Bishop Geraldini says clearly, in a letter addressed to Pope Leo X in 1516:

Insula illa, quae Europa et Asia est major, quam indocti Continentem Asiae appellant, et alii Americam vel Pariam nuncupant [that island, larger than Europe and Asia joined together, which the unlearned call the continent of Asia, and others America or Paria].* (* Alexandri Geraldini Itinerarium page 250.) I find in the map of the world of 1508 no trace whatever of the Orinoco. This river appears, for the first time, by the name of Rio Dolce, on the celebrated map constructed in 1529 by Diego Ribeyro, cosmographer of the emperor Charles V, which was published, with a learned commentary, by M. Sprengel, in 1795. Neither Columbus (1498) nor Alonzo de Ojeda, accompanied by Amerigo Vespucci (1499), had seen the real mouth of the Orinoco; they confounded it with the northern opening of the Gulf of Paria, to which they attributed (by an exaggeration so common to the navigators of that time, an immense volume of fresh water. It was Vicente Yanez Pincon, who, after having discovered the mouth of the Rio Maranon,* first saw, in 1500, that of the Orinoco. (* The name of Maranon was known fifty-nine years before the expedition of Lopez de Aguirre; the denomination of the river is therefore erroneously attributed to the nickname of maranos (hogs), which this adventurer gave his companions in going down the river Amazon. Was not this vulgar jest rather an allusion to the Indian name of the river?) He called this river Rio Dolce - a name which, since Ribeyro, was long preserved on our maps, and which has sometimes been given erroneously to the Maroni and to the Essequibo.

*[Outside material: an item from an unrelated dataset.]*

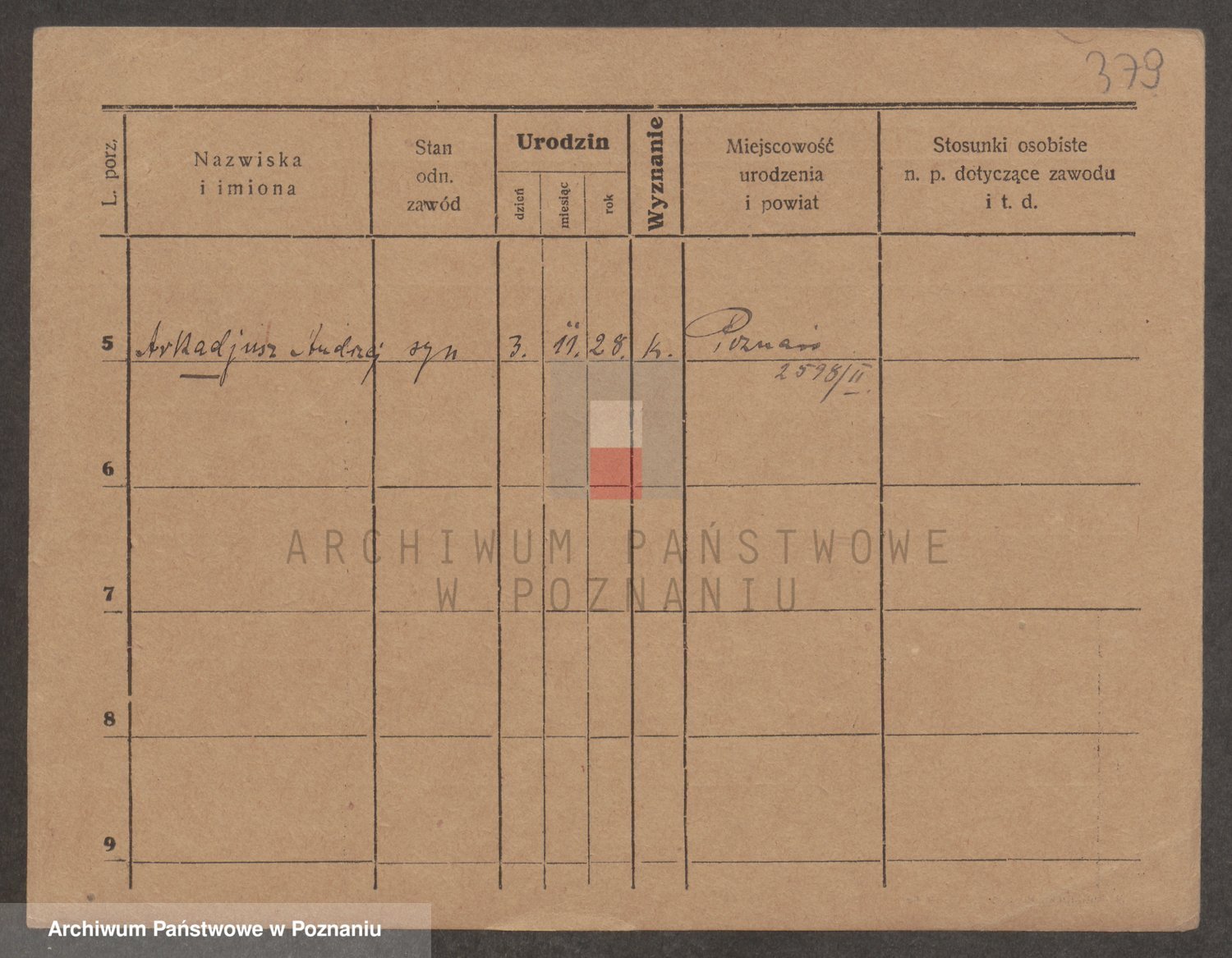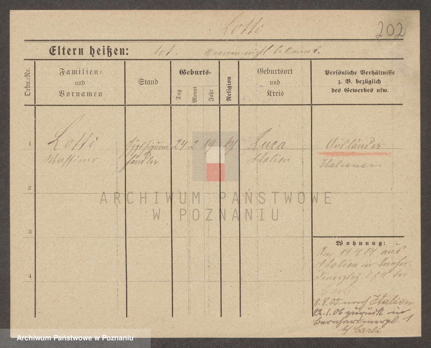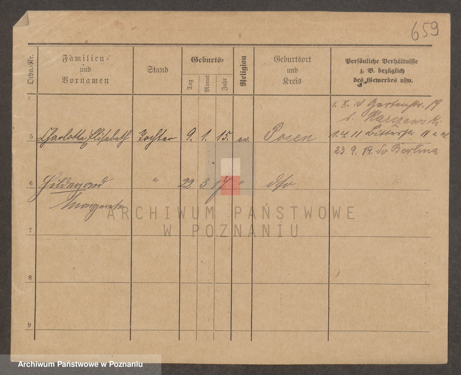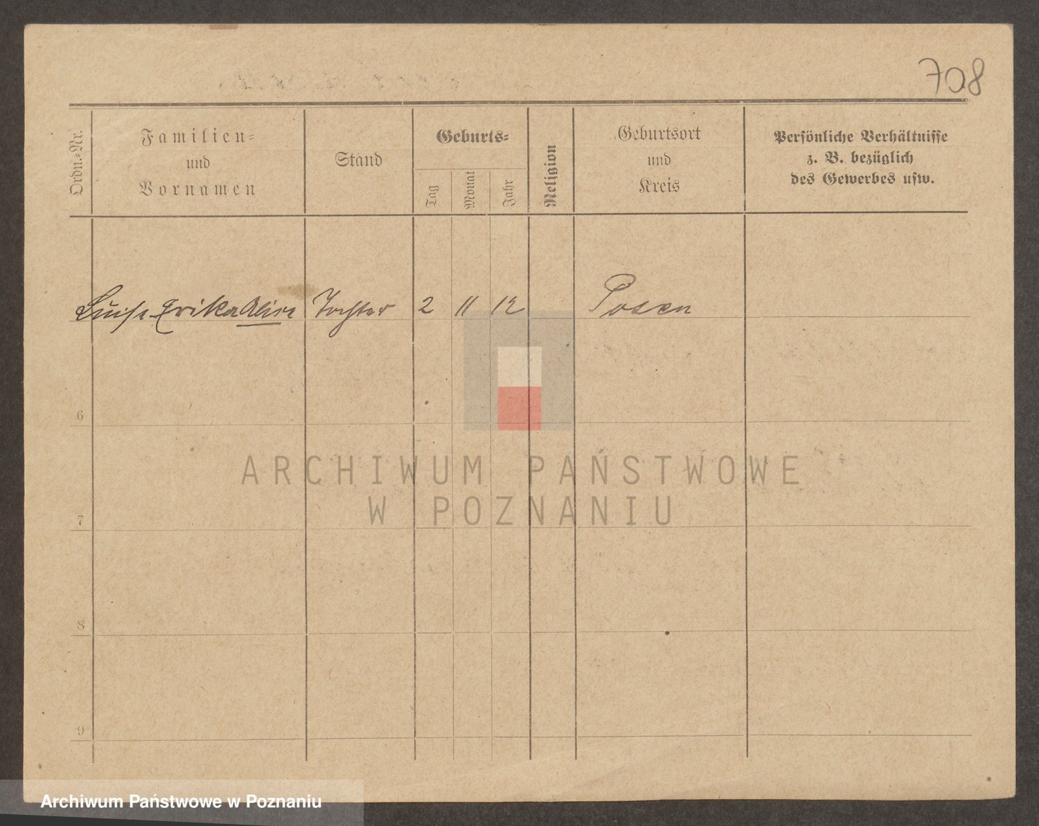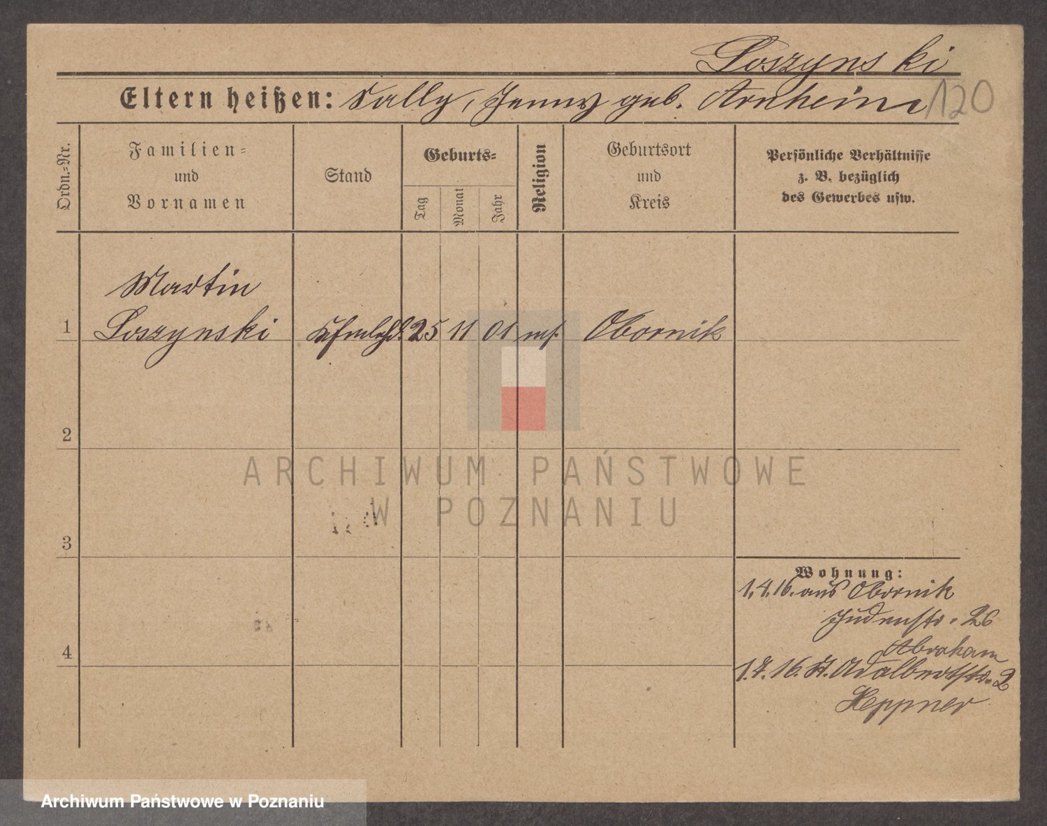 Podgląd karty osobowej dostępny jest po kliknięciu na nazwisko lub ikonkę karty. Można dokonywać powiększenia (ikony na górze) lub przechodzić między kolejnymi skanami (strzałki po bokach).

The great Lake Parima did not appear on our maps* till after the first voyage of Raleigh. (* I find no trace of it on a very rare map, dedicated to Richard Hakluyt, and constructed on the meridian of Toledo. Novus Orbis, Paris 1587. In this map, published before the voyage of Quiros, a group of Islands is marked (Infortunatae Insulae) where the Friendly Islands actually are. Ortelius (1570) already knew them. Were they islands seen by Magellan?) It was Jodocus Hondius who, as early as the year 1599, fixed the ideas of geographers and figured the interior of Spanish Guiana as a country well known. He transformed the isthmus between the Rio Branco and the Rio Rupunuwini (one of the tributary streams of the Essequibo) into the lake Rupunuwini, Parima, or Dorado, two hundred leagues long, and forty broad, and bounded by the latitudes of 1 degree 45 minutes south, and 2 degrees north. This inland sea, larger than the Caspian, is sometimes traced in the midst of a mountainous country, without communication with any river;* (* See, for instance, Hondius, Nieuwe Caerte van het goudrycke landt Guiana, 1599; and Sanson's Map of America, in 1656 and 1669.) and sometimes the Rio Oyapok (Waiapago, Japoc, Viapoco) and the Rio de Cayana are made to issue from it.* (* Brasilia et Caribaua, auct. Hondio et Huelsen 1599.) The first of these rivers, confounded in the eighth article of the treaty of Utrecht with the Rio de Vicente Pincon (Rio Calsoene of D'Anville), has been, even down to the late congress of Vienna, the subject of interminable discussions between the French and Portuguese diplomatists.* (* I have treated this question in a Memoire sur la fixation des limites de La Guyane Francaise, written at the desire of the Portuguese government during the negotiations of Paris in 1817.